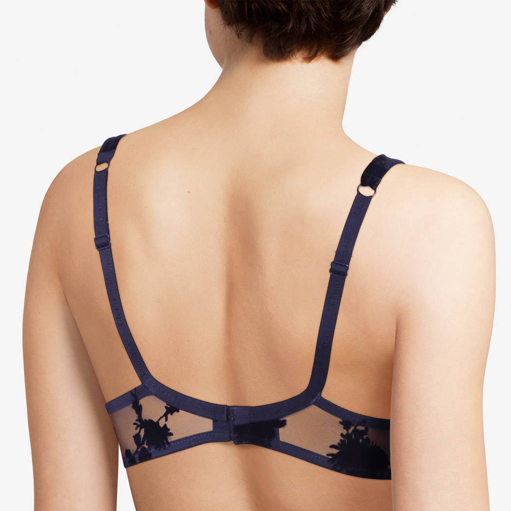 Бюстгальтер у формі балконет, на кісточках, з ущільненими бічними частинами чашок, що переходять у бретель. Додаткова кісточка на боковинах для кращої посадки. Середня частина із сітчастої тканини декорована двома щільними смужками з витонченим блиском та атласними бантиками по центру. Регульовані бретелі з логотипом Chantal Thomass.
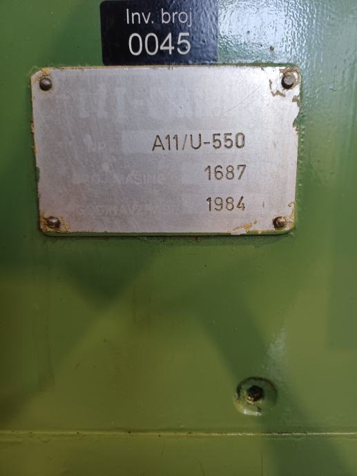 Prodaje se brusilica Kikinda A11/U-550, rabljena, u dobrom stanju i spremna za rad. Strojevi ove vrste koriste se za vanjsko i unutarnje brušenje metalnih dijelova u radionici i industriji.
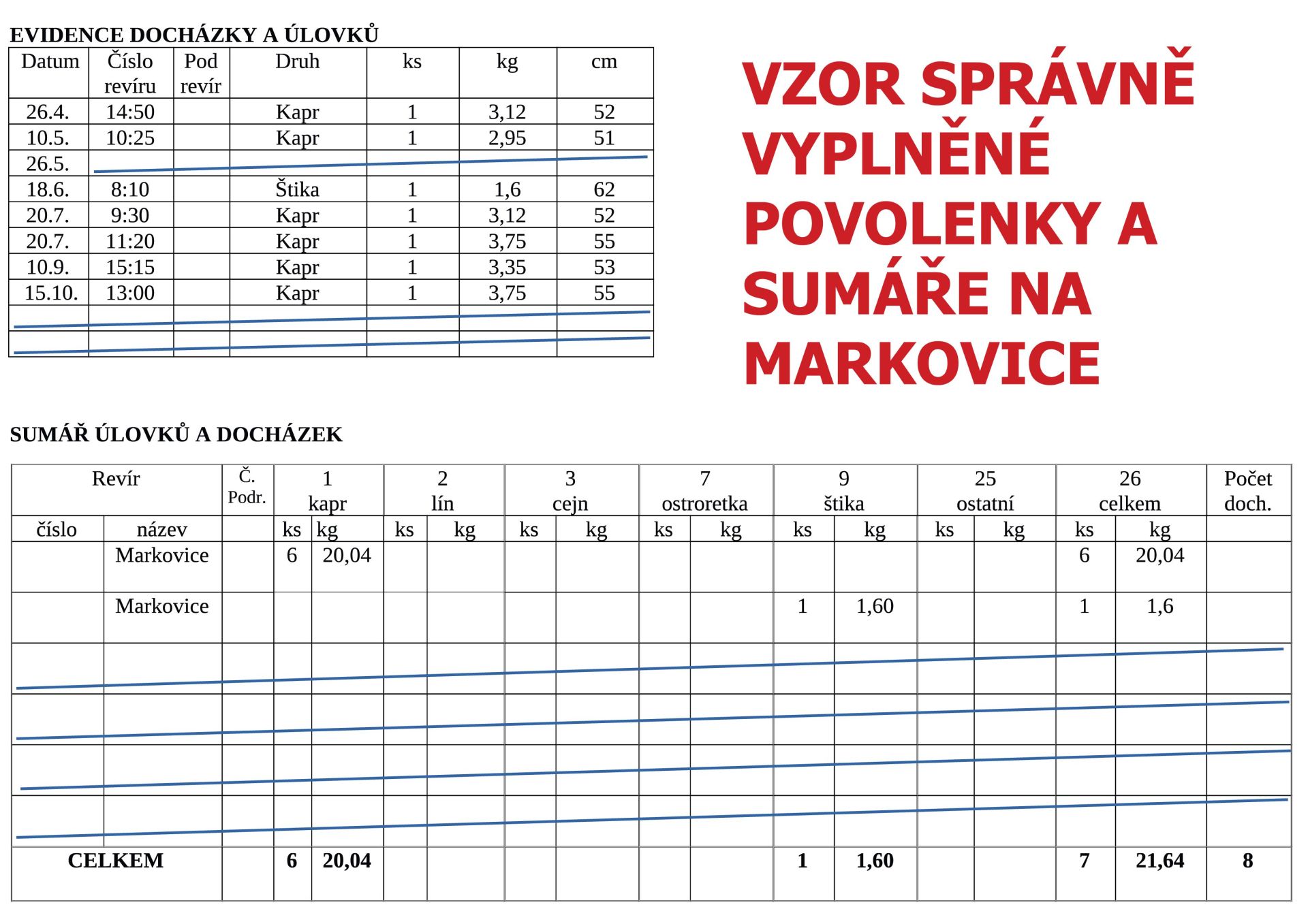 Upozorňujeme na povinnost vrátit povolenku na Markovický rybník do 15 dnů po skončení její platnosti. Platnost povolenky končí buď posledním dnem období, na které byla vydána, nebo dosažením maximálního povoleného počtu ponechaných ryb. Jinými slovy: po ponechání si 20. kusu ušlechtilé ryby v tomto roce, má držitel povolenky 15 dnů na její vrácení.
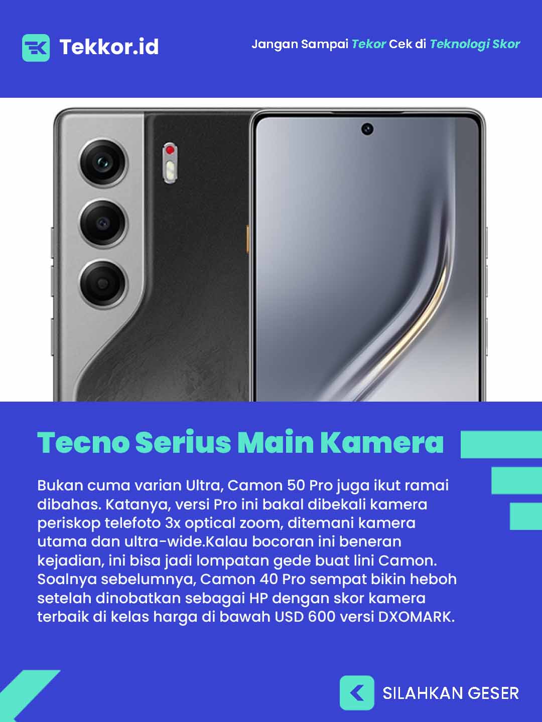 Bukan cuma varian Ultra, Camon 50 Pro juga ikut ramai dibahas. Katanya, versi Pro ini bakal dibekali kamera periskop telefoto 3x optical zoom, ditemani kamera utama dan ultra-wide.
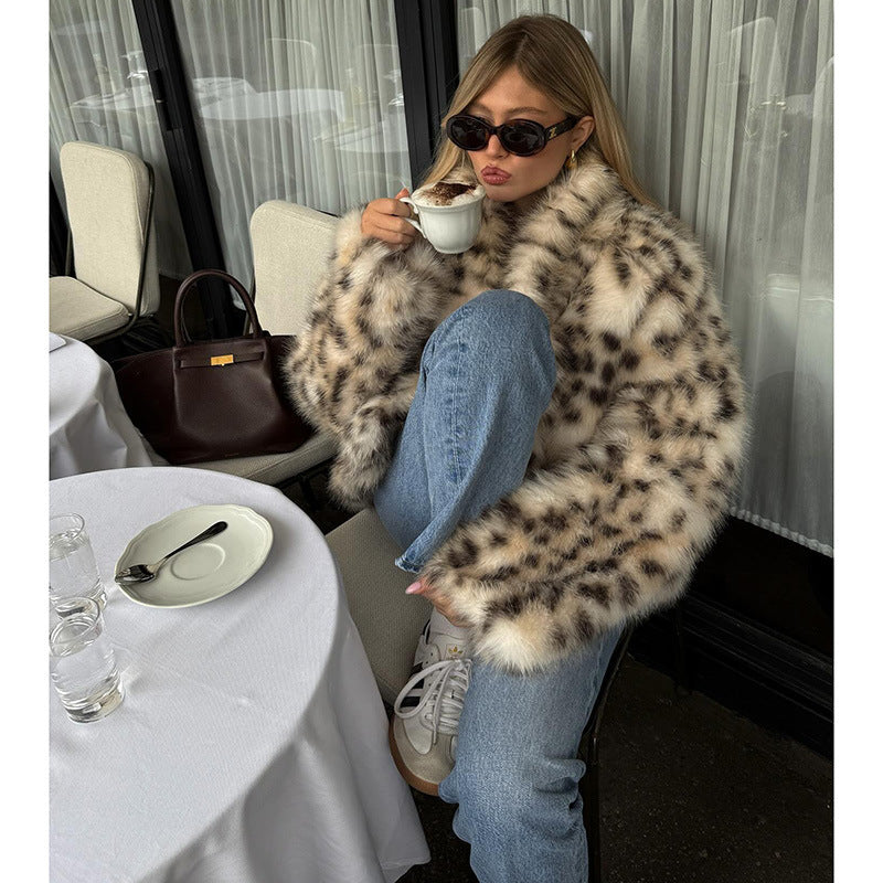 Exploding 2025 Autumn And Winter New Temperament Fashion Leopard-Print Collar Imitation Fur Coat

### Problem requirements
Would you copy, exactly, each line from the start of the listing above through the line with "Upozorňujeme na povinnost", both ends included, but none of the pictures?

### Response
 Бюстгальтер у формі балконет, на кісточках, з ущільненими бічними частинами чашок, що переходять у бретель. Додаткова кісточка на боковинах для кращої посадки. Середня частина із сітчастої тканини декорована двома щільними смужками з витонченим блиском та атласними бантиками по центру. Регульовані бретелі з логотипом Chantal Thomass.
 Prodaje se brusilica Kikinda A11/U-550, rabljena, u dobrom stanju i spremna za rad. Strojevi ove vrste koriste se za vanjsko i unutarnje brušenje metalnih dijelova u radionici i industriji.
 Upozorňujeme na povinnost vrátit povolenku na Markovický rybník do 15 dnů po skončení její platnosti. Platnost povolenky končí buď posledním dnem období, na které byla vydána, nebo dosažením maximálního povoleného počtu ponechaných ryb. Jinými slovy: po ponechání si 20. kusu ušlechtilé ryby v tomto roce, má držitel povolenky 15 dnů na její vrácení.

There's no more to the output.